For me, interconnectedness is a wonderful feature of life on Earth. I, like everyone else, have had completely crazy random encounters when I was not expecting it It seems crazy at first, but there are billions of opportunities for unexpected interactions in the system, right? That’s the real network we live in. We are going to stumble across these connections, and it would be crazy if they did not exist. Erdős was able to prove that mathematically, the network of people. But there are also networks of problems because our Earth is a connected object. If we start moving one part of the system, what does that do to the other part of the system? That’s not necessarily something that someone who is just an engineer can answer. We may also need to consider the historical perspective of the phenomenon. I may have to look at certain questions from a medical perspective and so on. But I am not saying that everybody must be a doctor, a social scientist, a lawyer, and an engineer all at the same time. I am saying that if you have enough expertise, you can be part of a group that can think so broadly. But you must learn to think, and you must learn to talk to each other. I am a big believer in team-based research and thinking, for which effective communication is essential. On several occasions, in summer programmes with 35 graduate students, we thought about specific goals and specific problems that were urgent for people in the field. This required a biologist to talk with a lawyer or a local cultural expert. I found that by focusing thinking on answering specific questions, we were able to get people from different disciplines to talk in new ways about issues they had never discussed before. This, of course, requires very specific questions so that it does not end up as empty talk.
Academic work requires a lot of concentration, so sometimes you need to relax: when you have free time, what do you do with it, how can you switch off?
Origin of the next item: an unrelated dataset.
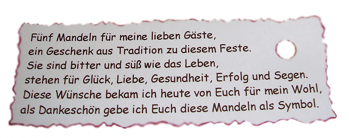 als Dankeschön geben wir Euch diese Mandeln als Symbol.

I like to cook Hungarian food. You know, my father is 99 years old, and we made a small collection of his recipes with him. If he can help, he shows me the tricks. We mainly make his favorite, the chicken stew. He’s very good at that. I’ve been experimenting with other things myself. I try to do it the way my grandmother did it, and it’s fun, I love it. I also do some music – alone or with friends. I play guitar, but lately I’ve been trying my hand at the banjo, which I admit I’m not that good at. I’m not a singer, so I’m always looking for someone to sing with. That works well too, I can concentrate on what I’m playing. Not to mention, I like to explore new places in New York. I teach at the city’s public university, which has 500,000 students. Not a day goes by that I don’t meet someone from campus – that’s my way of shaking hands with Karinthy.